IWI / HAPU AFFILIATIONS
Hori Ngakapa had a distinguished start in life as a Ngati
Whanaunga leader. In 1851, he was one of several rangatira who
paddled from Hauraki to Auckland on their tribal waka taua
or war canoes Ahi-motu-kura and Hurawhenua; landing at Waipapa or
present day Mechanic's Bay.1The wrong they wanted put right was
the inappropriate treatment by Pākehā of Hoera, a Hauraki
rangatira. After making their presence known, they left Auckland
without spilling a drop of Pākehā or Māori blood.
In a newspaper account published in 1865 over 1200 Māori from
the confederation of Hauraki tribes and some Ngati Porou gathered
in Thames to discuss matters of war and peace between Māori and
Pākehā. They decided that they would not leave Thames to fight
against Pākehā but if troops came into Thames they would fight
them. To demonstrate his commitment to peace Ngakapa gave James
MacKay2 a dogskin cloak given
Tamihana by Wi Tako Ngātata for Potatau Te Wherowhero to wear
as the first Māori King. Ngakapa was gifted the cloak from the whanau of
Wetine Taiporotu of Tainui, who Ngakapa assisted during a conflict.

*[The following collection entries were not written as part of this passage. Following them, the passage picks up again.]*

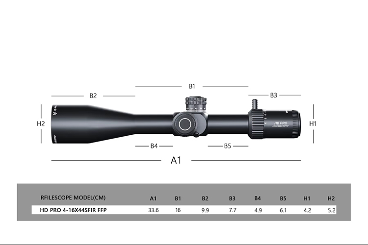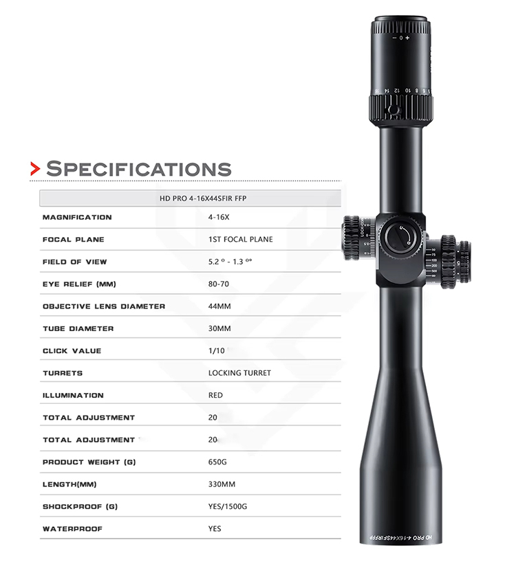 Optik HD Pro 4-16x44 SFIR FFP Tingkat High Tingkat High Taktik 30mm Tube
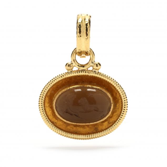 The oval Venetian glass intaglio cabochon carved to depict a stalking lion and gazelle bezel set within a hammered gold frame and with mother-of-pearl support, suspended from a hinged bail stamped 19K and with maker's mark.
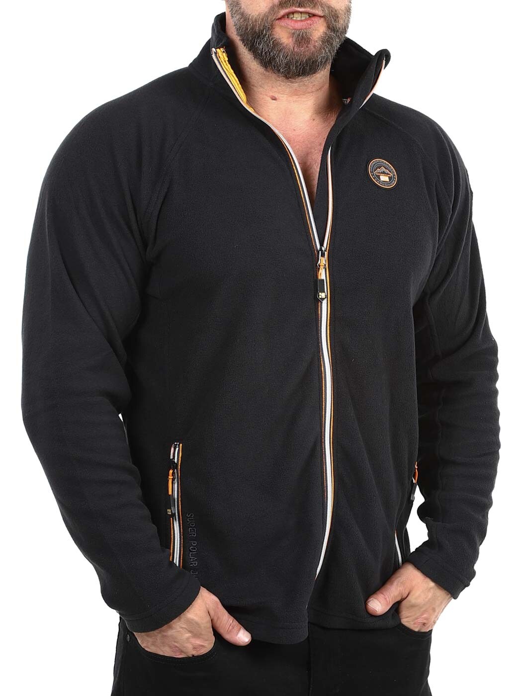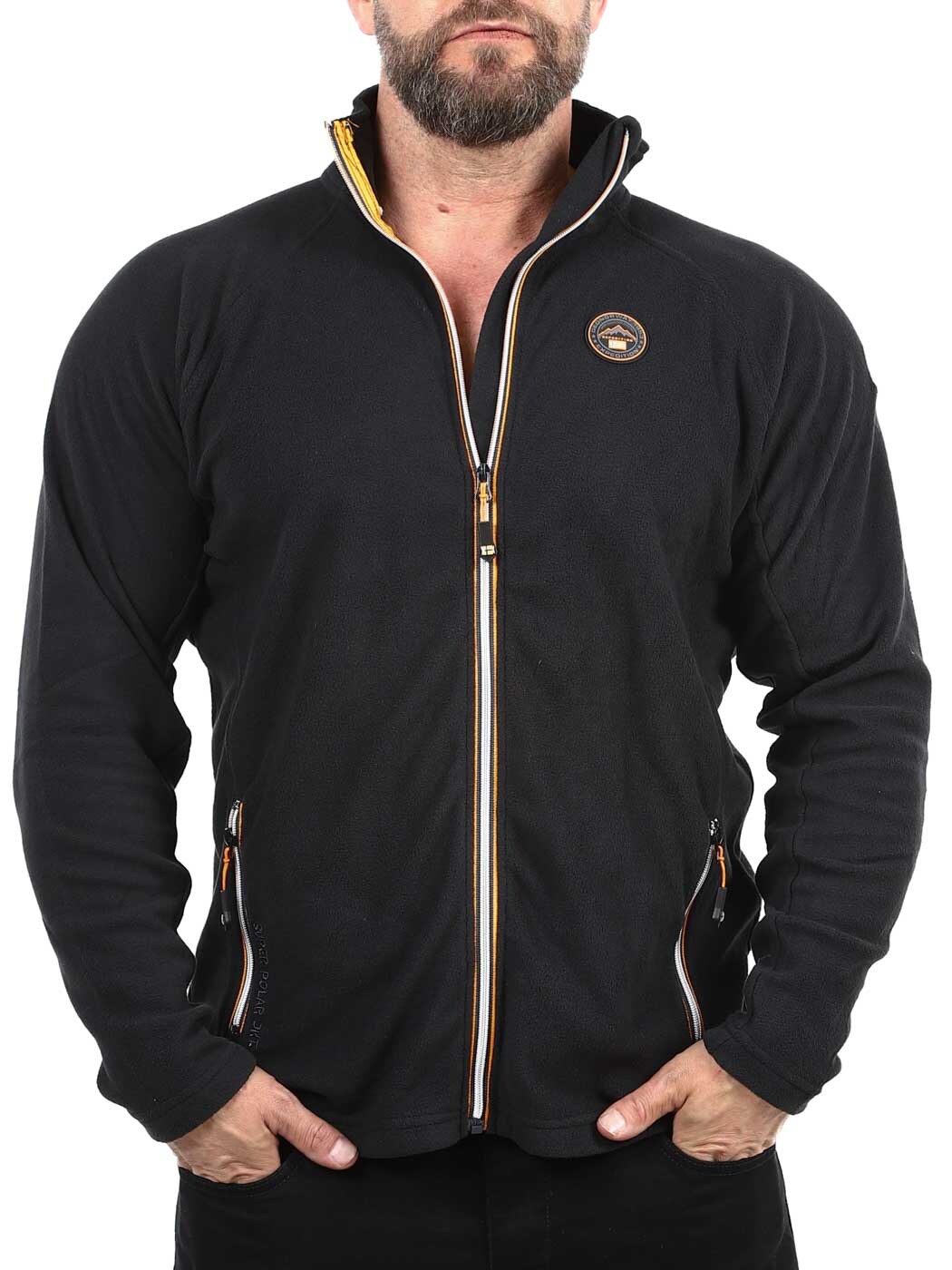 Kurtka zapewniająca zarówno wygodę, jak i funkcjonalność. Wykonana jest z miękkiego i ciepłego polaru, posiada zamek błyskawiczny oraz dwie zapinane kieszenie na brzuchu. Ozdobiona pomarańczowymi szwami oraz naszywką na piersi i rękawie.
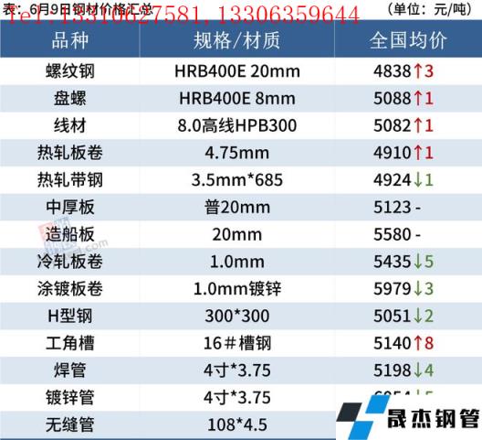 建筑厚壁無(wú)縫鋼管:6月9日,全國(guó)31個(gè)主要城市20mm三級(jí)抗震螺紋鋼均價(jià)4838元/噸,較上個(gè)交易日漲3元/噸。產(chǎn)業(yè)數(shù)據(jù)方面,本周螺紋鋼產(chǎn)量小幅增加,庫(kù)存方面,雖然廠庫(kù)下降,但社庫(kù)出現(xiàn)回升,同時(shí)在雨季影響下,需求端整體低迷。短期來(lái)看,目前市場(chǎng)需求恢復(fù)狀況不及預(yù)期,南方汛期疊加高考日影響,下游需求整體低迷,且投機(jī)性需求較差。因此短期在弱基本面的壓力下,預(yù)計(jì)10日國(guó)內(nèi)建筑厚壁無(wú)縫鋼管價(jià)格或?qū)⒗^續(xù)窄幅震蕩為主。
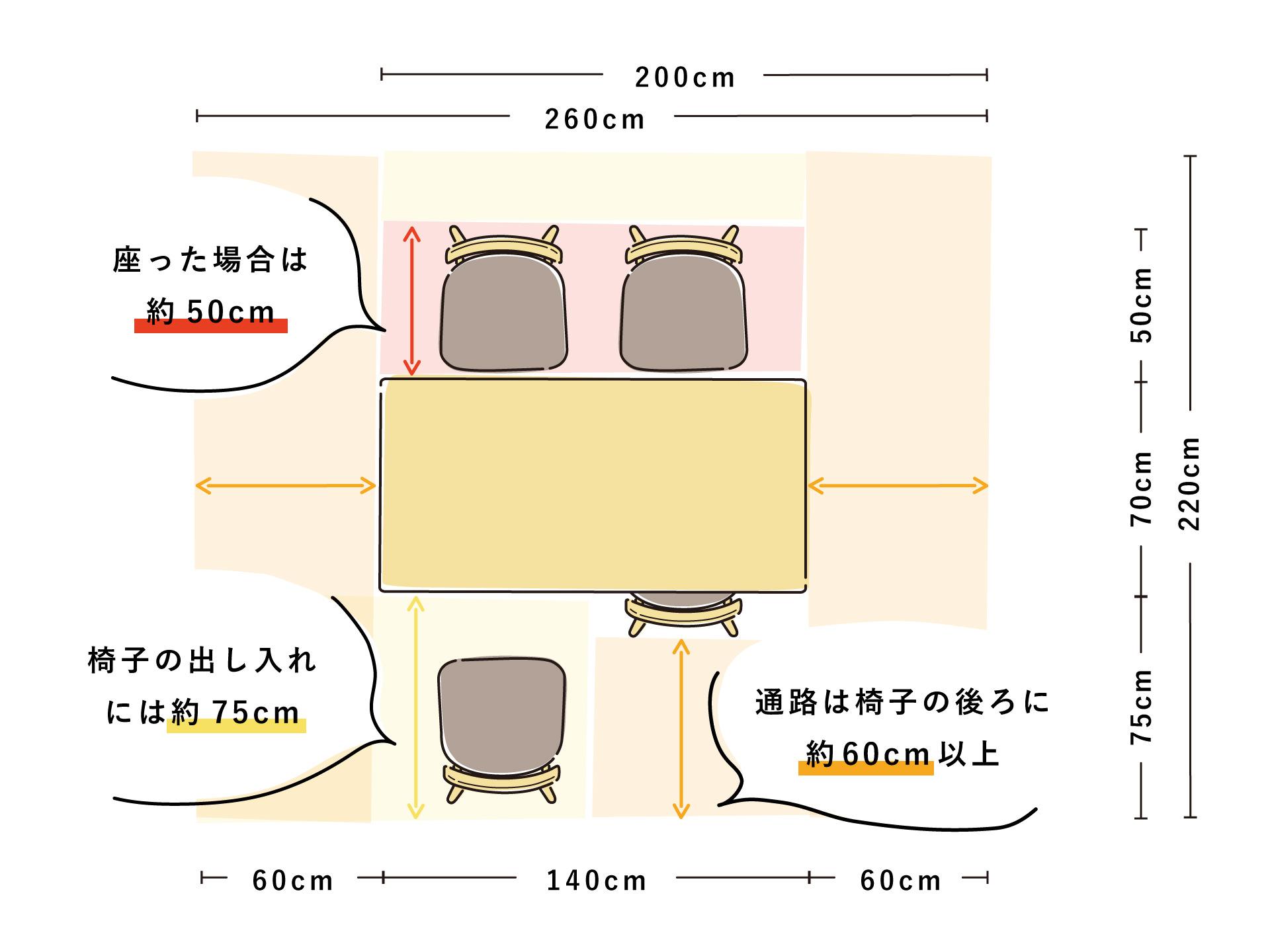 | 椅子に座る時に必要なスペース | 約75cm - |

The present whereabouts of the cloak is not known.3
Hori Ngakapa Te Whanaunga and his wife, Hera Puna took part in
the fighting and siege of Orakau. Ngakapa was famous for going into
battle with his Tupara (double- barrelled gun) and his stone mere. On the
occasion of a skirmish at Drury, Ngakapa ran out of ammunition and
didn't have time to reload his gun. Hera stood in front of him as a
soldier took aim to kill him, providing Ngakapa enough time to
reload and protect Hera.
Lindauer painted this portrait of Hori Ngakapa in 1878.